**Try it:** In the records below, find each line with the word "Note" and copy it.

**Material for this exercise:**
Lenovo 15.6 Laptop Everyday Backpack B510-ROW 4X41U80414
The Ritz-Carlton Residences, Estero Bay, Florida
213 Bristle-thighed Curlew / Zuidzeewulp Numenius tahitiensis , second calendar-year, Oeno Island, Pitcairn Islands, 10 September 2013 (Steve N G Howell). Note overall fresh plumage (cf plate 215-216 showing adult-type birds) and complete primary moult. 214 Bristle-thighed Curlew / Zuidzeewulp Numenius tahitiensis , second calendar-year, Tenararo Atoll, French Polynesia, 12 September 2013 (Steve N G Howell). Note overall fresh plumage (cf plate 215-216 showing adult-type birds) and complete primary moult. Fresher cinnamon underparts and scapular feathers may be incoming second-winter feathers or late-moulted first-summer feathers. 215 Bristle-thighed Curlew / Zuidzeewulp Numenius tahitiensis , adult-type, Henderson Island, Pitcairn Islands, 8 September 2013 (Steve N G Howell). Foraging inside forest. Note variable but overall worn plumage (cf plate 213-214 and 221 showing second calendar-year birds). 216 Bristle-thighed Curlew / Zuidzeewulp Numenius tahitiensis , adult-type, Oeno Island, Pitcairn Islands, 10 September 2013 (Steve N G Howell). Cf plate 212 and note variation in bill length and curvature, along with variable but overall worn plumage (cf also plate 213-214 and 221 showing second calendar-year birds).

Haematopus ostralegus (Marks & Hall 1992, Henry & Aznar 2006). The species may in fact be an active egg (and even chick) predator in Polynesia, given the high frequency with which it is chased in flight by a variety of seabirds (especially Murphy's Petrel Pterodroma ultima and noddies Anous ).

==

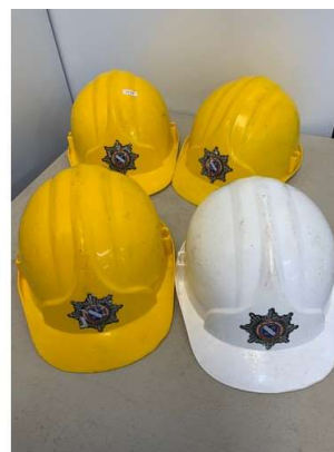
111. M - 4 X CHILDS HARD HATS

==

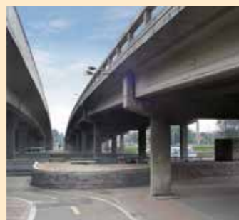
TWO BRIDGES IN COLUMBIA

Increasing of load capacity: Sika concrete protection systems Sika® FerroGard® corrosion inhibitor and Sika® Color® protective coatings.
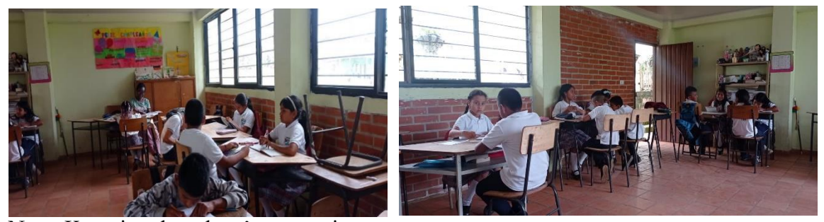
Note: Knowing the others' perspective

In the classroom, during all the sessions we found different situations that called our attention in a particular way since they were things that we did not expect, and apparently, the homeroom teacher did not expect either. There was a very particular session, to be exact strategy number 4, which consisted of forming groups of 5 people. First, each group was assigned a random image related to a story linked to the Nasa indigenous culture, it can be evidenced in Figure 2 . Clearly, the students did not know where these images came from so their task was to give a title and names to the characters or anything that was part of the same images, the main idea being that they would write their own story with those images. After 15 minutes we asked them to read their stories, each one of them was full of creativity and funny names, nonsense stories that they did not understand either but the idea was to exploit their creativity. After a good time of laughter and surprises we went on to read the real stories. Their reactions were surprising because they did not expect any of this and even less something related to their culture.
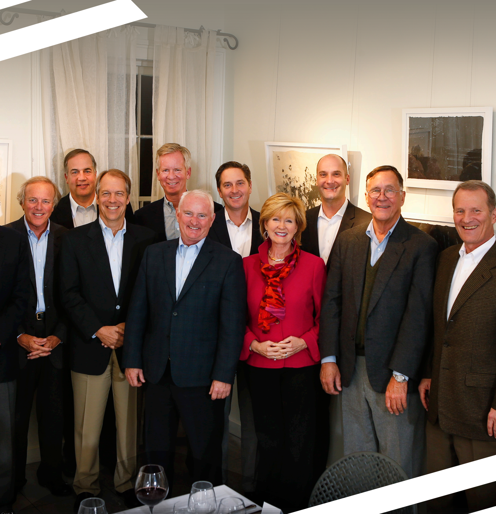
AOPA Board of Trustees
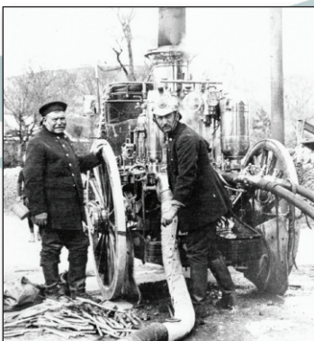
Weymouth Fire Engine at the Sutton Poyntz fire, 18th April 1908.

**Written response:**
213 Bristle-thighed Curlew / Zuidzeewulp Numenius tahitiensis , second calendar-year, Oeno Island, Pitcairn Islands, 10 September 2013 (Steve N G Howell). Note overall fresh plumage (cf plate 215-216 showing adult-type birds) and complete primary moult. 214 Bristle-thighed Curlew / Zuidzeewulp Numenius tahitiensis , second calendar-year, Tenararo Atoll, French Polynesia, 12 September 2013 (Steve N G Howell). Note overall fresh plumage (cf plate 215-216 showing adult-type birds) and complete primary moult. Fresher cinnamon underparts and scapular feathers may be incoming second-winter feathers or late-moulted first-summer feathers. 215 Bristle-thighed Curlew / Zuidzeewulp Numenius tahitiensis , adult-type, Henderson Island, Pitcairn Islands, 8 September 2013 (Steve N G Howell). Foraging inside forest. Note variable but overall worn plumage (cf plate 213-214 and 221 showing second calendar-year birds). 216 Bristle-thighed Curlew / Zuidzeewulp Numenius tahitiensis , adult-type, Oeno Island, Pitcairn Islands, 10 September 2013 (Steve N G Howell). Cf plate 212 and note variation in bill length and curvature, along with variable but overall worn plumage (cf also plate 213-214 and 221 showing second calendar-year birds).
Note: Knowing the others' perspective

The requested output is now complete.